STORED DATA:
========================

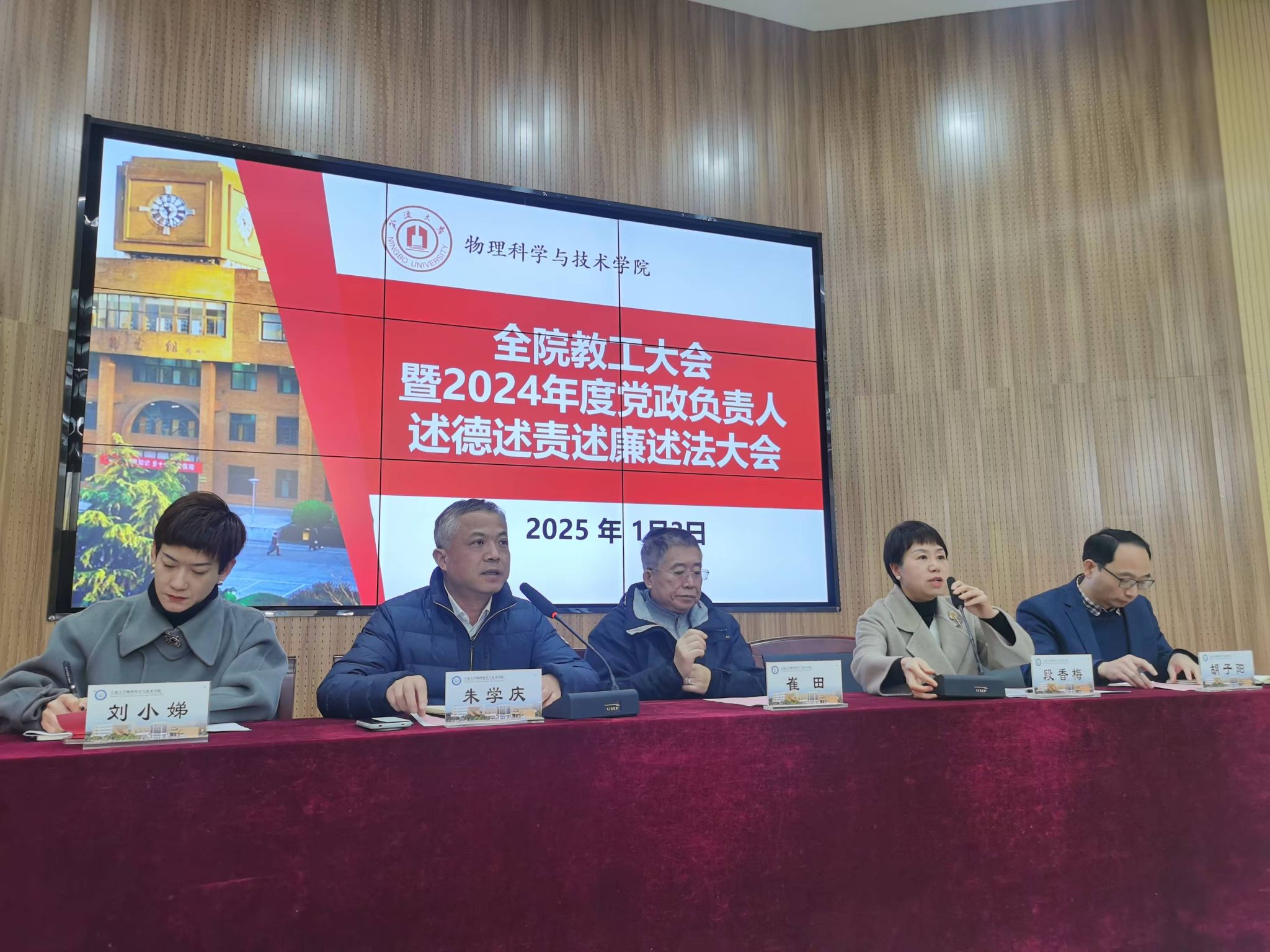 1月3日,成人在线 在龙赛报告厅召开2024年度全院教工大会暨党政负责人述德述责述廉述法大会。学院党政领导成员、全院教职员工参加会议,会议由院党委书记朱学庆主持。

========================

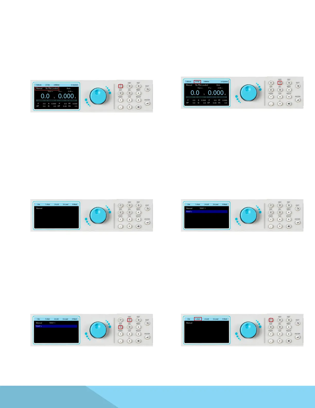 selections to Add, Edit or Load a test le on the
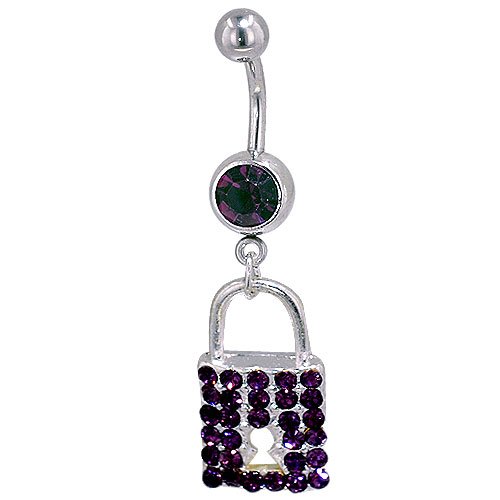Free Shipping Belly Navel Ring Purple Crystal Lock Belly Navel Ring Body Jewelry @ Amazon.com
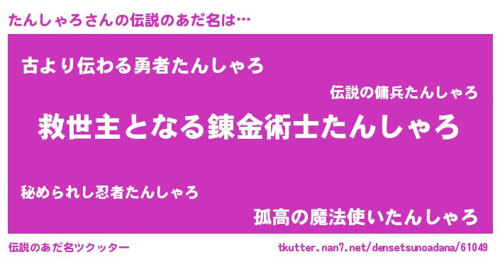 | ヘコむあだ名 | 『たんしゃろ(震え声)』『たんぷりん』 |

========================

TASK DIRECTIONS:
Copy out the listing above from the line containing "Free Shipping Belly" to the line containing "ヘコむあだ名 | 『たんしゃろ(震え声)』『たんぷりん』 |", both included, exactly as written and minus the images.

EXPECTED ANSWER:
Free Shipping Belly Navel Ring Purple Crystal Lock Belly Navel Ring Body Jewelry @ Amazon.com
 | ヘコむあだ名 | 『たんしゃろ(震え声)』『たんぷりん』 |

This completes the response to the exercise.